Task to complete -
Within the records below, find the line with "フラメンコ生地 水玉柄 コシボ・シャンタン・ストレッチベロア選べる生地" and the line with "Нетрудно видеть, что", then reproduce exactly those two lines and all lines between them, without any picture.

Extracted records
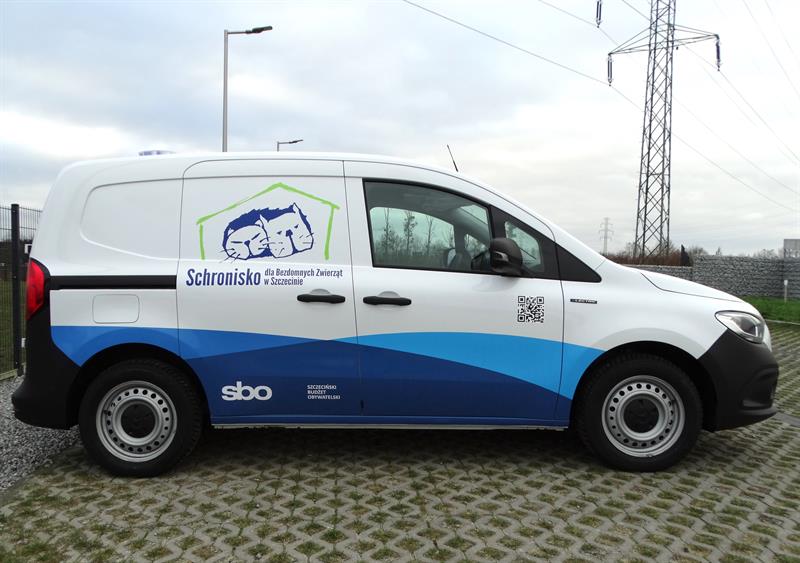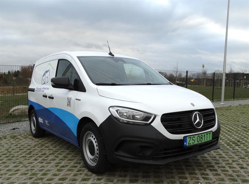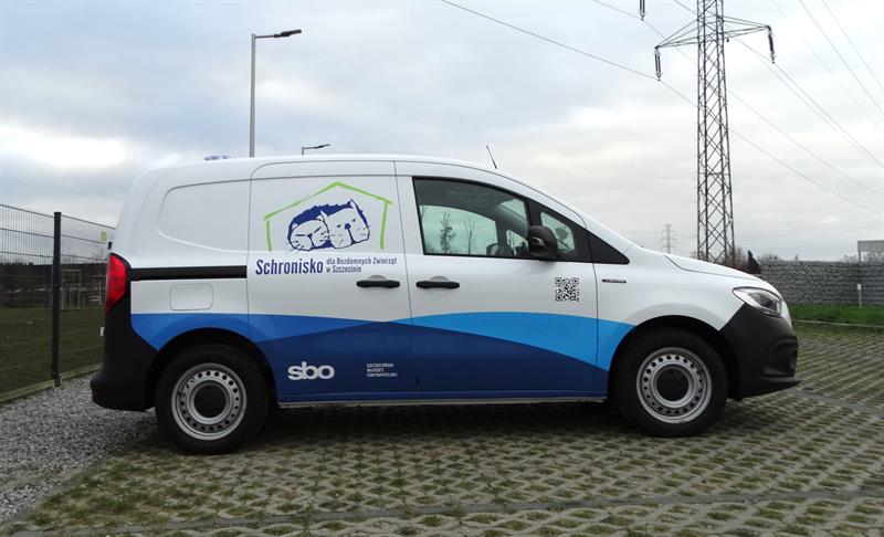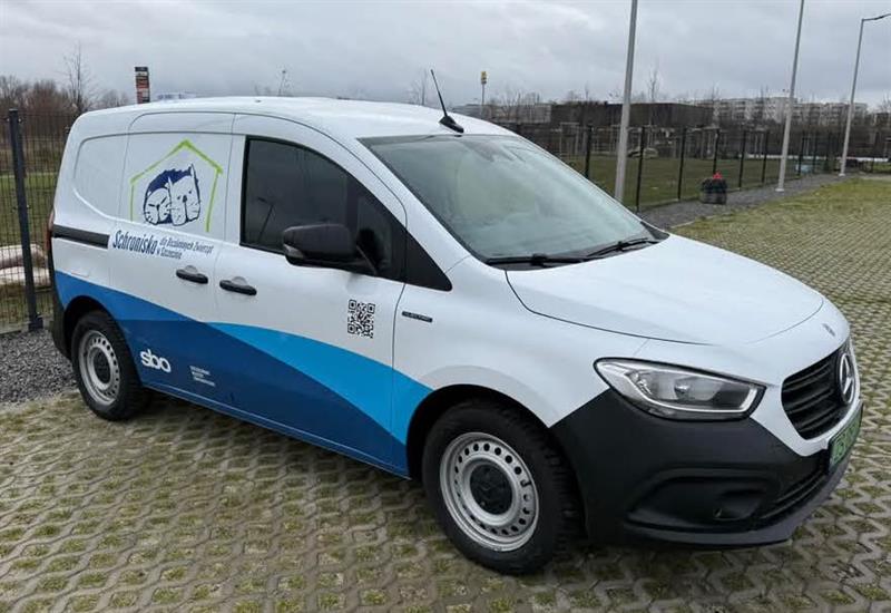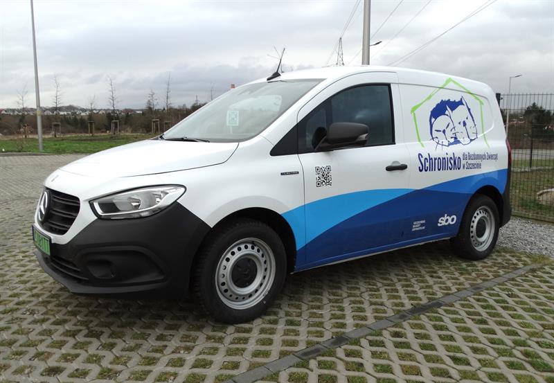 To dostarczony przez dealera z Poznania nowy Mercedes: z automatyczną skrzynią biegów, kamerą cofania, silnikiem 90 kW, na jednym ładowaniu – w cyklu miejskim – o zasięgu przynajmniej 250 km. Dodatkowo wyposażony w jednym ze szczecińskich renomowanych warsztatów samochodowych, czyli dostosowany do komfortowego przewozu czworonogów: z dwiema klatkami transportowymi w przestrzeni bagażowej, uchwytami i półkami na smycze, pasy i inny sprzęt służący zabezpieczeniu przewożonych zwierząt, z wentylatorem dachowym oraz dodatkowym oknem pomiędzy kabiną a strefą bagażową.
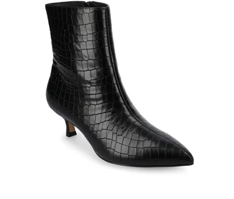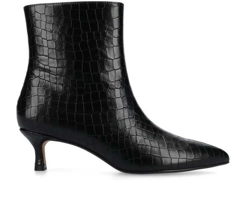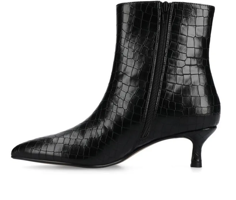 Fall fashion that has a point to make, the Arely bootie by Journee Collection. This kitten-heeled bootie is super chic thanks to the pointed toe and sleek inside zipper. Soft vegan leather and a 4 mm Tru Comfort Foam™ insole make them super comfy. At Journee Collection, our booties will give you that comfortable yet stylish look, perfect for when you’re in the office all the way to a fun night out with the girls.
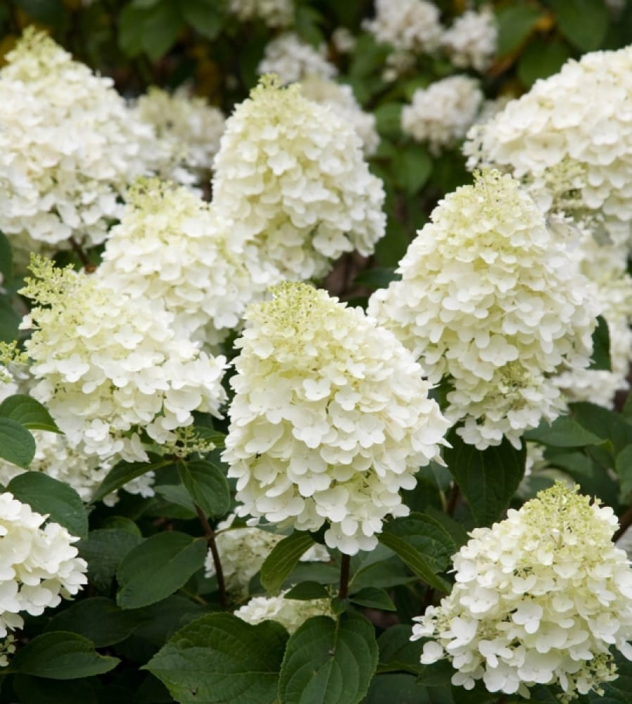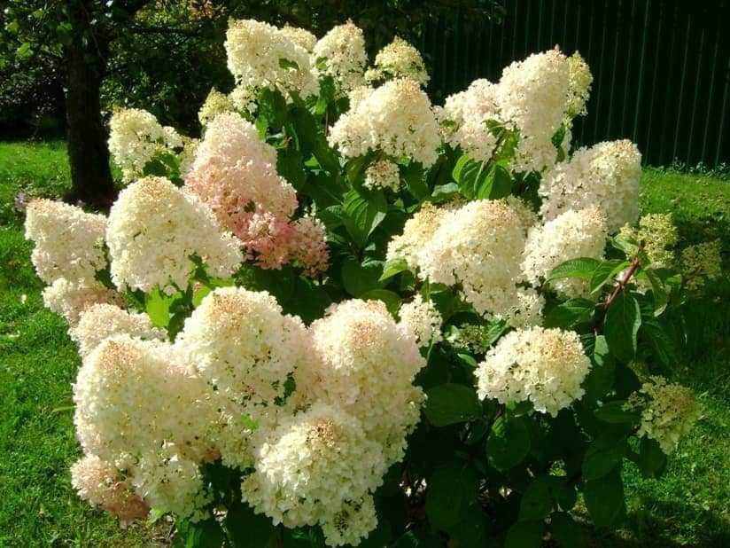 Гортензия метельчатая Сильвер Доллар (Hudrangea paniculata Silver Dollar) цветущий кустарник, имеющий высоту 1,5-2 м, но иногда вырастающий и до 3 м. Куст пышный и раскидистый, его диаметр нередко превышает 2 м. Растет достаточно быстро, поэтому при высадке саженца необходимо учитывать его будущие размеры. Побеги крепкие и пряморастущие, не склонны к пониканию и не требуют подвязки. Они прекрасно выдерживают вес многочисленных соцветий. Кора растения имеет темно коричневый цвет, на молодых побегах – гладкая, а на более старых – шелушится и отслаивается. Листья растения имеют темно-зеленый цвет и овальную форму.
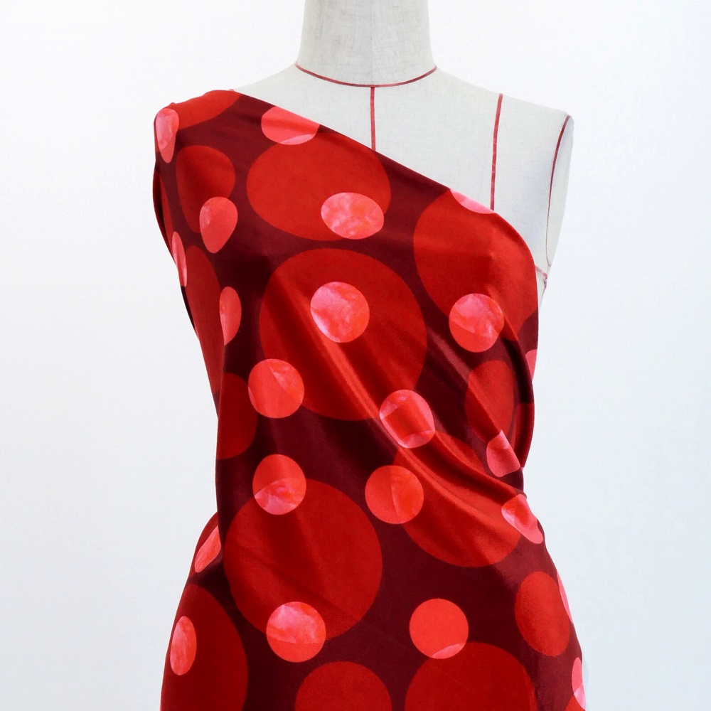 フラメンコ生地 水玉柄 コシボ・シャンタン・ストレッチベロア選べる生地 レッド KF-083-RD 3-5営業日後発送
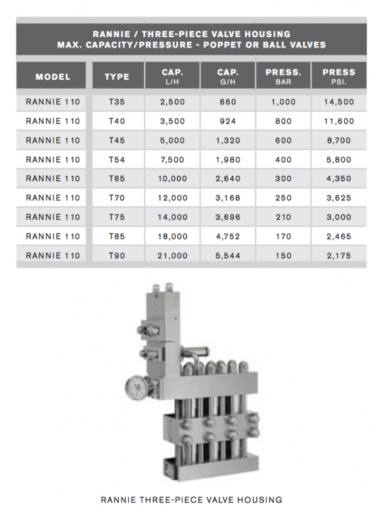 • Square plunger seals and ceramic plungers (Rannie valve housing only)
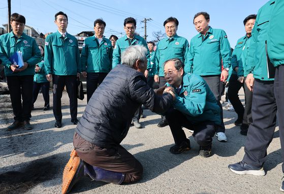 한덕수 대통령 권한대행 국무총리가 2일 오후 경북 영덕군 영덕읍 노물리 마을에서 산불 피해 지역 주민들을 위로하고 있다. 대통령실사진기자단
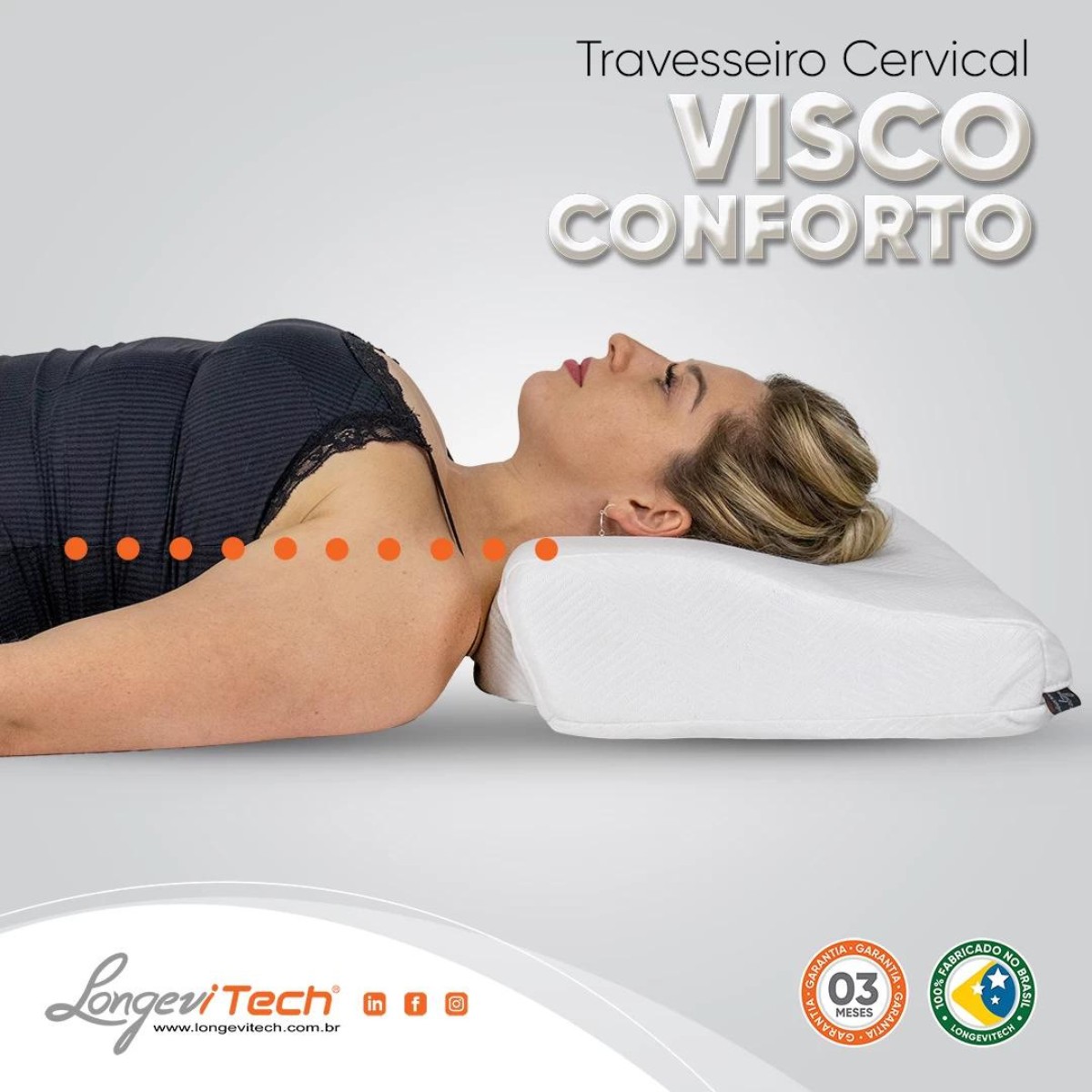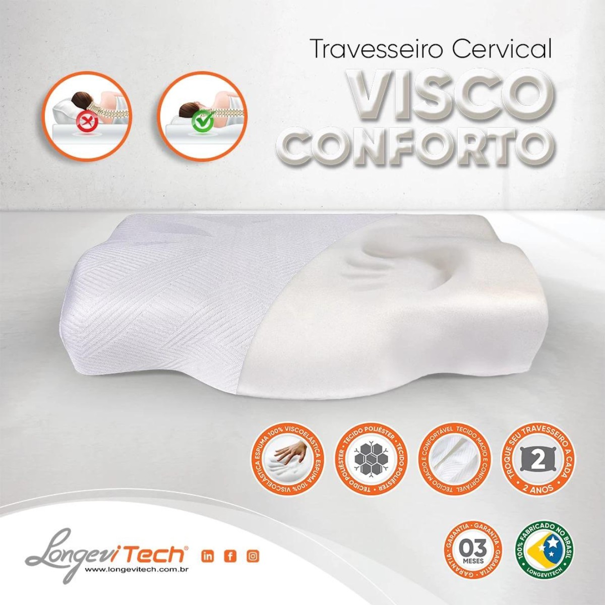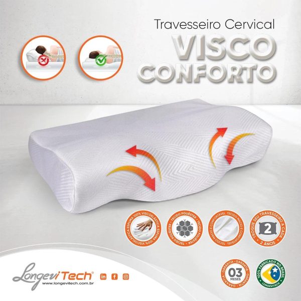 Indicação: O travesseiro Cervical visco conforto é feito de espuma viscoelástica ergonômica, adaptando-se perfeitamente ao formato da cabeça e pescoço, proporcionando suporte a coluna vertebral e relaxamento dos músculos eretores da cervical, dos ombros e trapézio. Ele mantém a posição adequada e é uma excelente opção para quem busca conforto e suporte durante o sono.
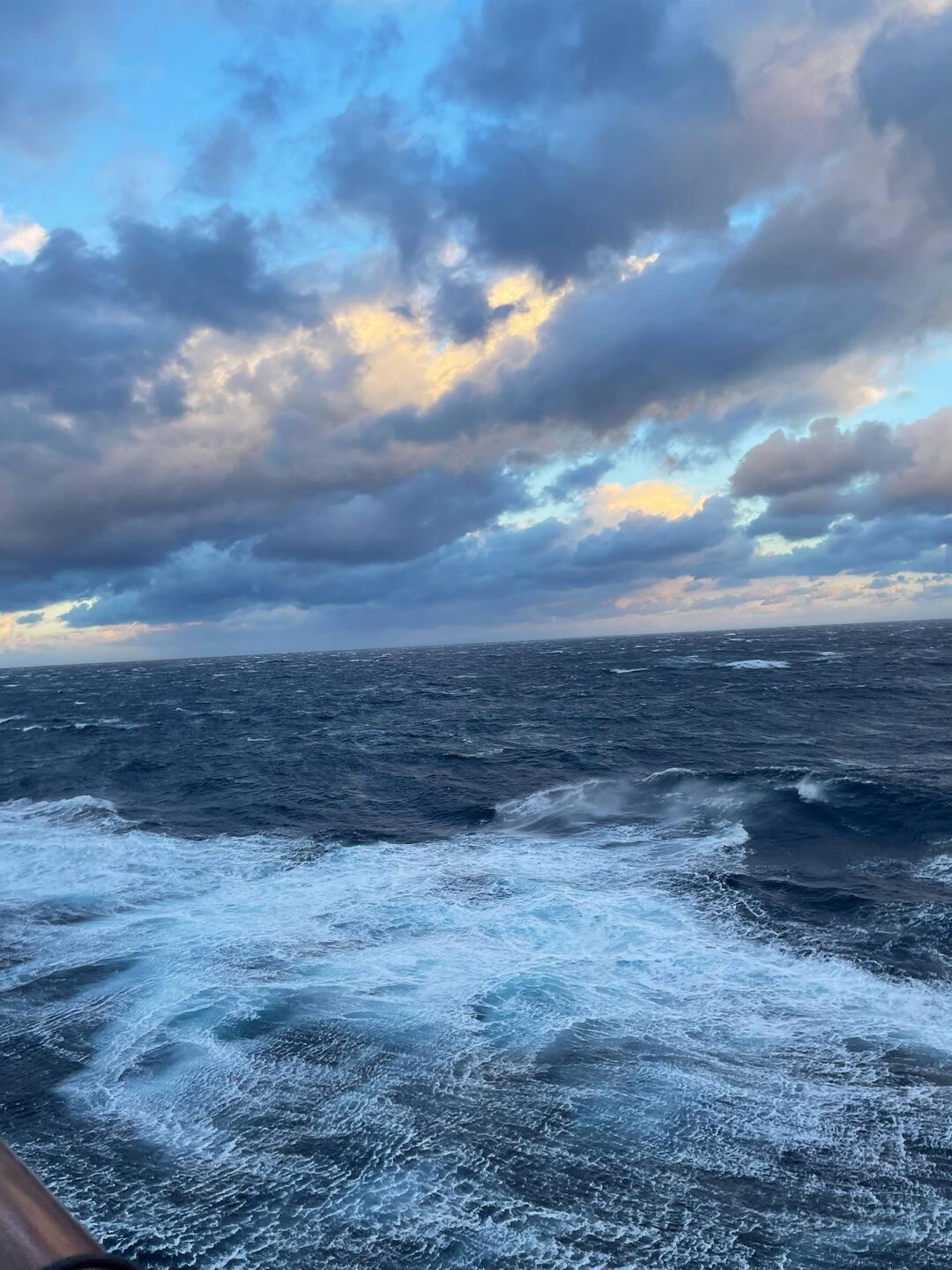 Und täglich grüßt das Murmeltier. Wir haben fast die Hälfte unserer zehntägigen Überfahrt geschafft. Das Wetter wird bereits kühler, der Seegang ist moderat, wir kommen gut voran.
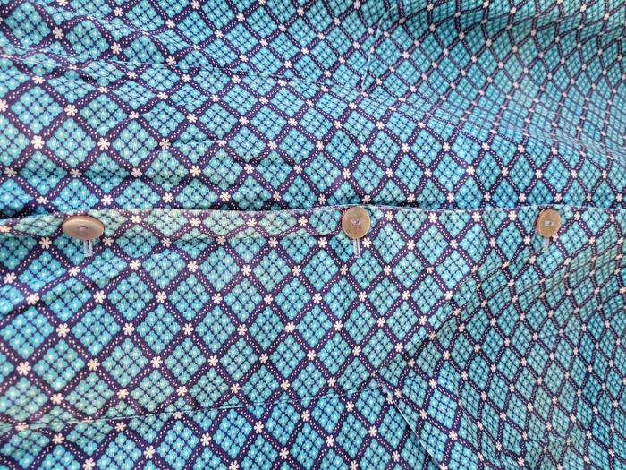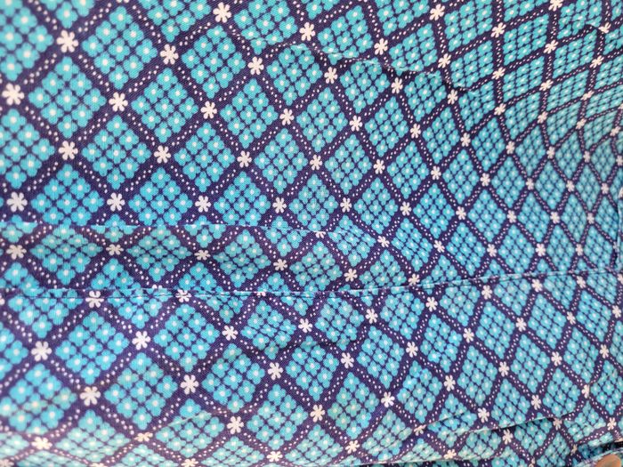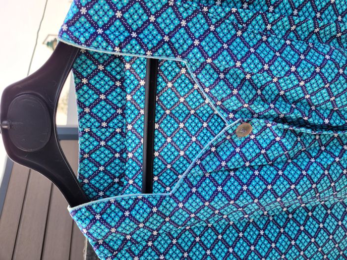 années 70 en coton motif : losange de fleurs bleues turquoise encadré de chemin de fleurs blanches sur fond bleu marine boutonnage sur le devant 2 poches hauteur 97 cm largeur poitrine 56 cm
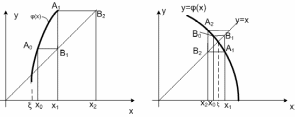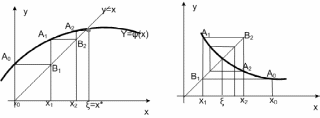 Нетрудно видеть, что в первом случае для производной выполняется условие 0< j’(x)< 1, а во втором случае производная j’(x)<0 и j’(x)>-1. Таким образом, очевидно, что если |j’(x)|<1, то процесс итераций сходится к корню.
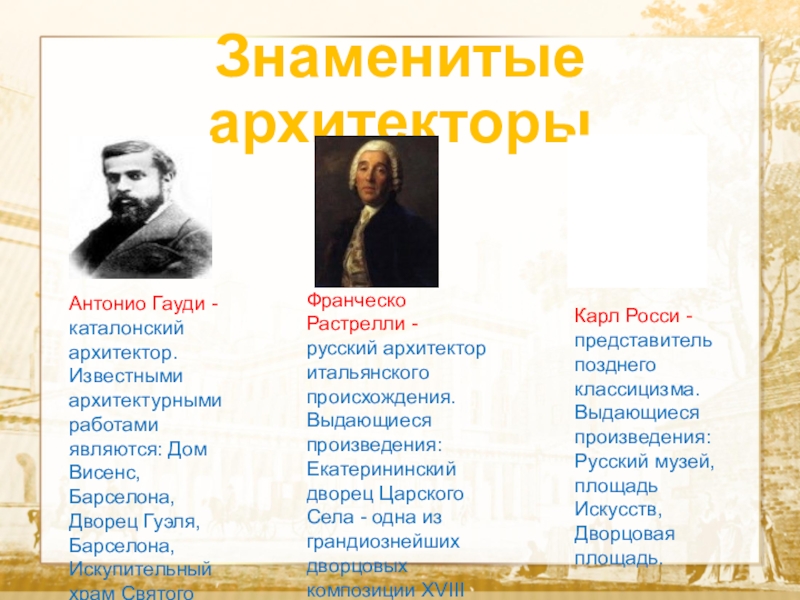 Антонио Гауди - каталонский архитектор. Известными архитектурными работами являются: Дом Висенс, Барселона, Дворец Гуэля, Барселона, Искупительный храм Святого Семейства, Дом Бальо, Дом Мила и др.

Written solution -
 フラメンコ生地 水玉柄 コシボ・シャンタン・ストレッチベロア選べる生地 レッド KF-083-RD 3-5営業日後発送
 • Square plunger seals and ceramic plungers (Rannie valve housing only)
 한덕수 대통령 권한대행 국무총리가 2일 오후 경북 영덕군 영덕읍 노물리 마을에서 산불 피해 지역 주민들을 위로하고 있다. 대통령실사진기자단
 Indicação: O travesseiro Cervical visco conforto é feito de espuma viscoelástica ergonômica, adaptando-se perfeitamente ao formato da cabeça e pescoço, proporcionando suporte a coluna vertebral e relaxamento dos músculos eretores da cervical, dos ombros e trapézio. Ele mantém a posição adequada e é uma excelente opção para quem busca conforto e suporte durante o sono.
 Und täglich grüßt das Murmeltier. Wir haben fast die Hälfte unserer zehntägigen Überfahrt geschafft. Das Wetter wird bereits kühler, der Seegang ist moderat, wir kommen gut voran.
 années 70 en coton motif : losange de fleurs bleues turquoise encadré de chemin de fleurs blanches sur fond bleu marine boutonnage sur le devant 2 poches hauteur 97 cm largeur poitrine 56 cm
 Нетрудно видеть, что в первом случае для производной выполняется условие 0< j’(x)< 1, а во втором случае производная j’(x)<0 и j’(x)>-1. Таким образом, очевидно, что если |j’(x)|<1, то процесс итераций сходится к корню.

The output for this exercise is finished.